Ranil was aptly allotted as his symbol the gas cylinder as a symbolic reminder to the people of the high prices and power cuts endured by the nation during the dark days of economic collapse. Sarath Fonseka was given the symbol of lantern, to help see more clearly, perhaps. Former Sports Minister, Roshan Ranasinghe, was allotted the bat as his symbol, to make a comeback and loft for a six Cricket Board corruption.
Outside, past the barricaded street of the Election Office, Ranil told his jubilant supporters, “I stopped radical elements from seizing Parliament and turning the country into another Bangladesh. Give me the vote, and I will guarantee a better future.” Sajith told his SJB supporters: “With the presidential election on September 21, the SJB and Samagi Jana Sandhanaya will, with your strength and support, begin the journey to make winners of all 22 million of this country. We shall dawn the era of the common people.”
SLPP’s last week’s crowned prince, Namal was driven down the street, standing out from the open sunroof of his car—like a conquering hero returning from war—hailed by the cheering masses below, promising to create a new economic and cultural era, inviting all to join him to usher such a new dawn.
The day before, in a bid to squeeze the publicity grape dry, the simple matter of signing the nomination document became a photographed event. President Ranil Wickremesinghe signed on Wednesday at his former Office down Flower Road in Colombo 7, while officials looked on. Anura Kumara signed the previous day at his party headquarters flanked by a team of JVP lawyers. Sajith signed on Thursday at his office, with his wife and child at his side, surrounded by SJB officials.
For newly crowned Namal, however, the signing ritual had to become a public spectacle.
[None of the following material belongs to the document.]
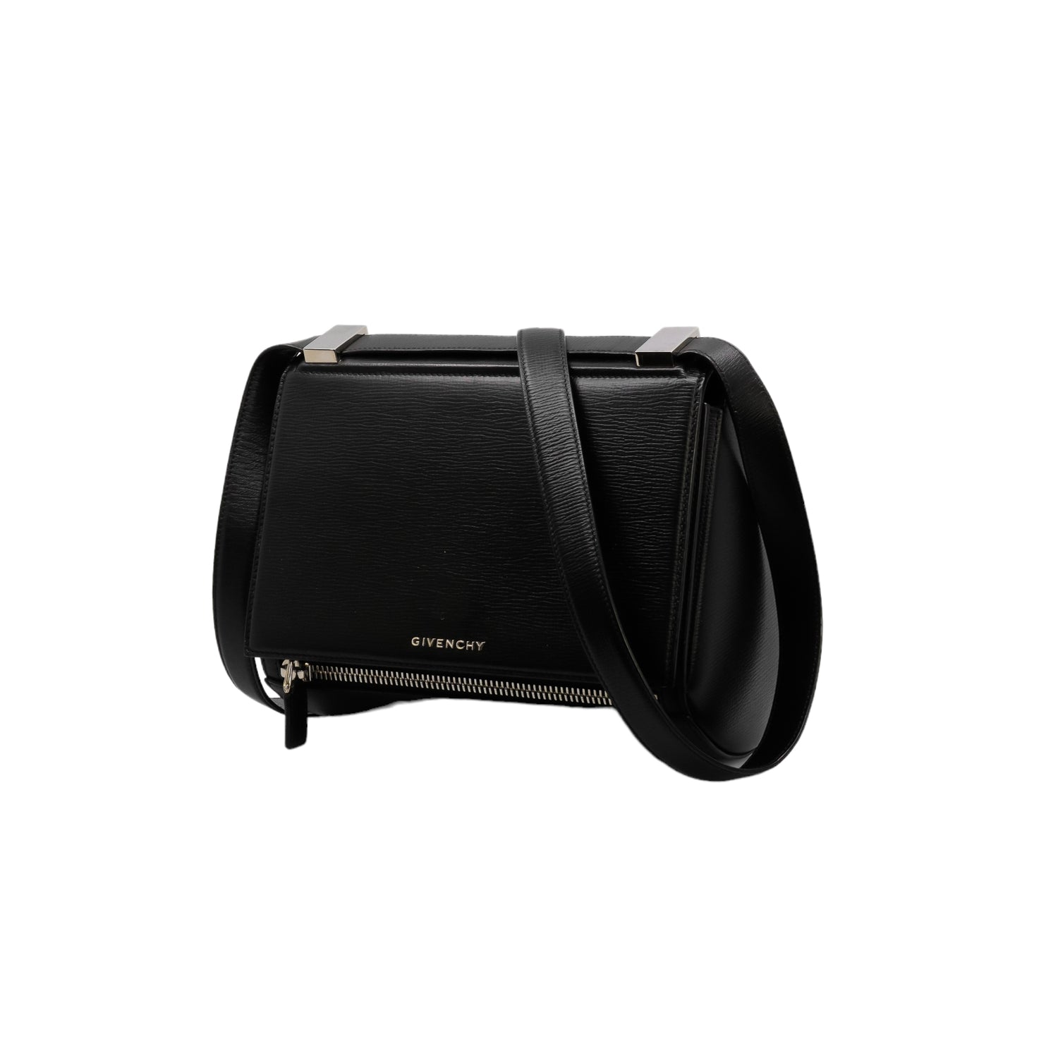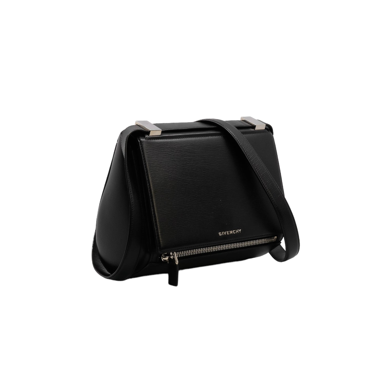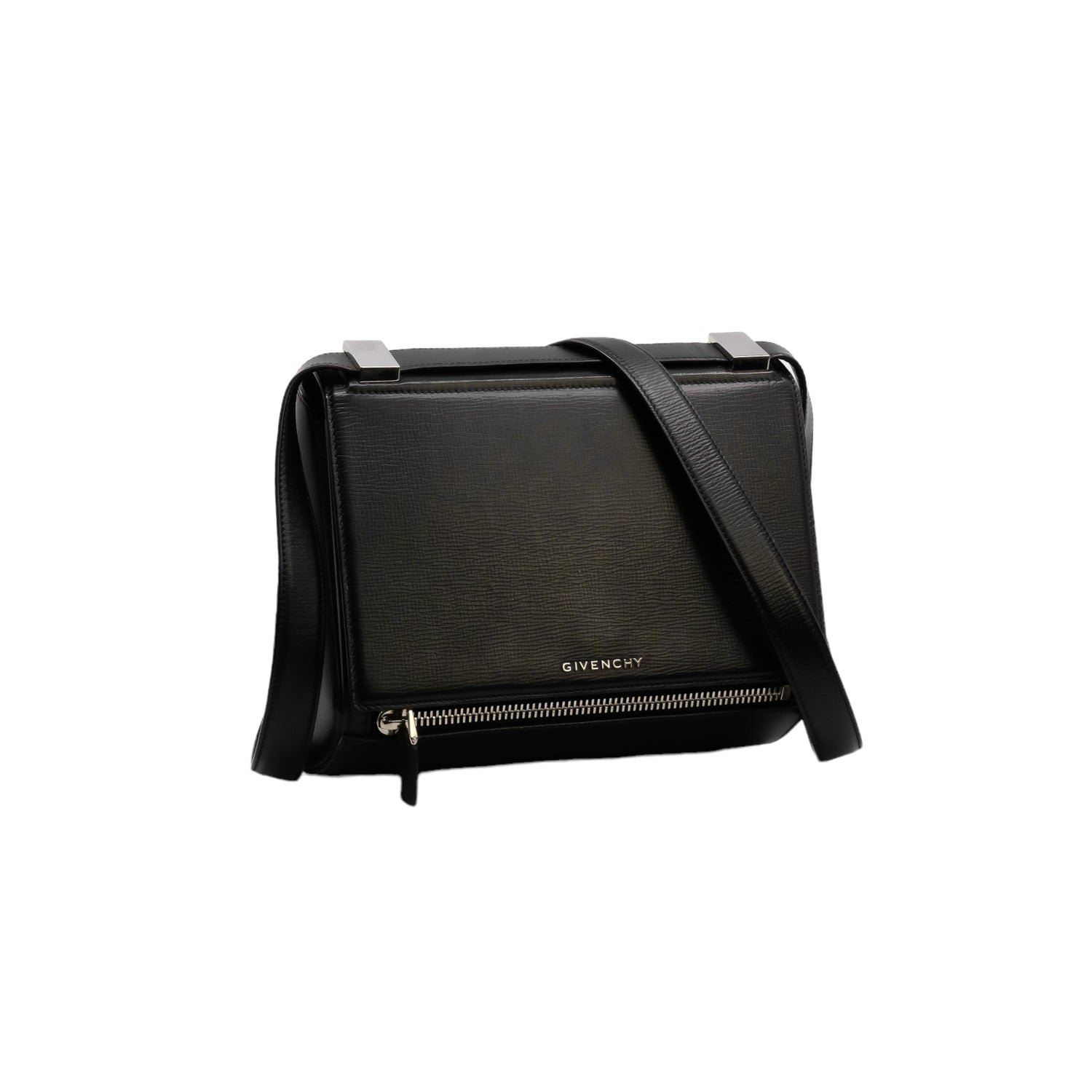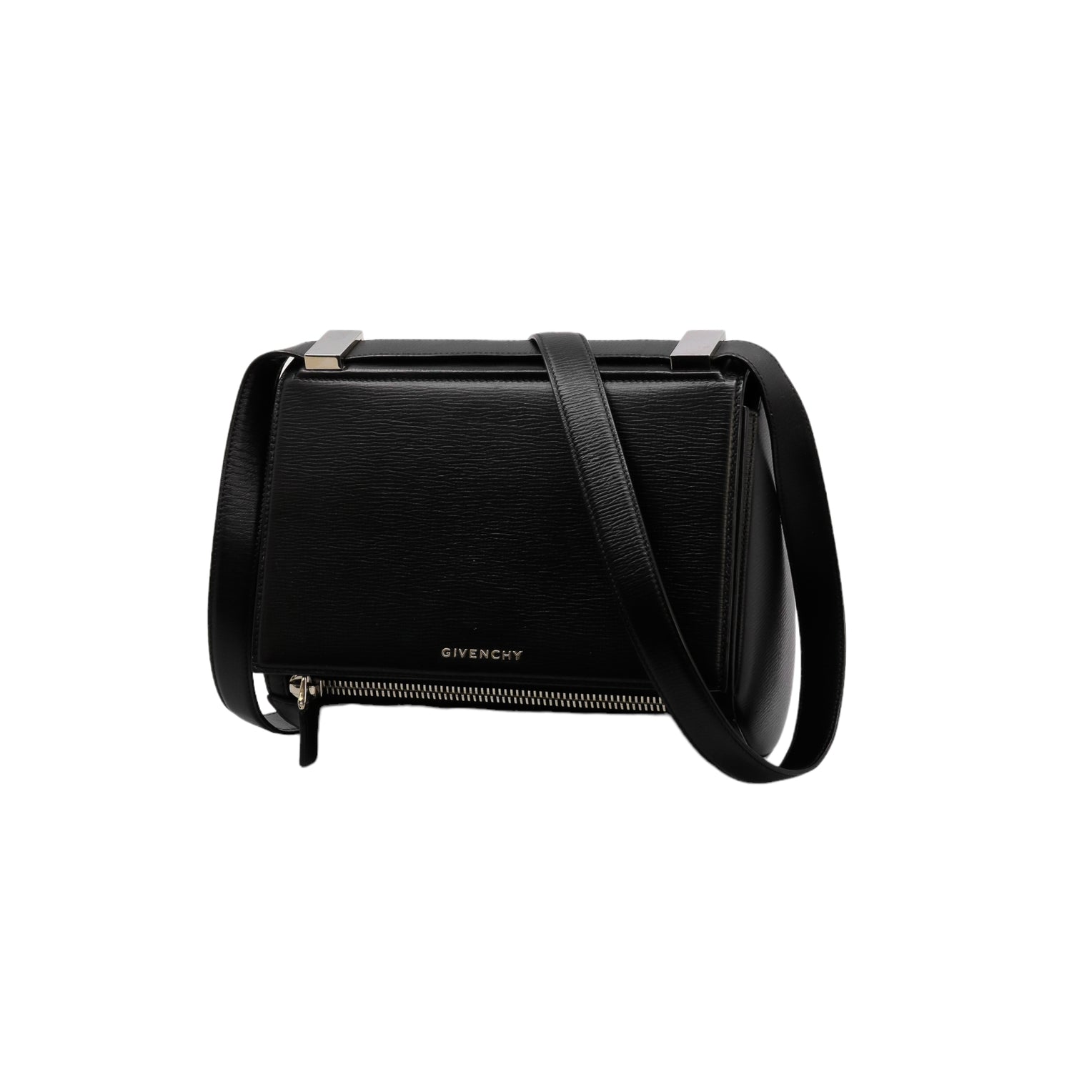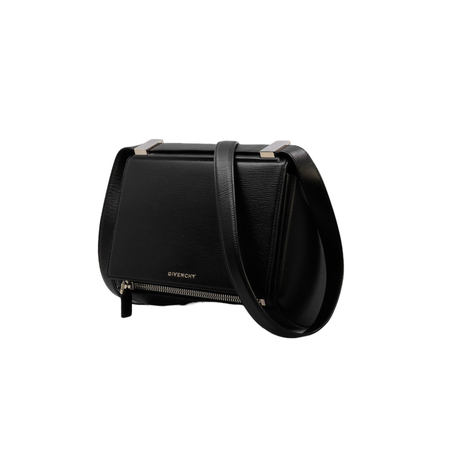 Bolso de la marca Givenchy modelo Caja de Pandora, confeccionado en piel rígida color negro, con asa-bandolera autoajustable en mismo material, interior en ante negro, con bolsillo interno, cierres de cremallera y herrajes en color dorado, solapa con seguro de botón.

The stage-managed hour-long televised video of the crowned prince giving his assent to enter the presidential race, first gave a brief history of the wondrous achievements of his sire Mahinda in whose shadow he walks.
The ceremony was a family affair, with fond papa seated on his chair while mother Shiranthi stood, looking lovingly at her first-born son, and casting him her blessings as only a mother can. Basil Bappi and Gota Bappi stood beside, witnessing the family’s formal Change of Guard, where the family baton seamlessly passed into the anointed son and heir to the Rajapaksa throne. As Namal signed the nomination papers, with faithful party secretary Sagara seated next to him, Buddhist monks recited Seth Pirith to shower blessings on him. Behind them stood the few remaining SLPP minions.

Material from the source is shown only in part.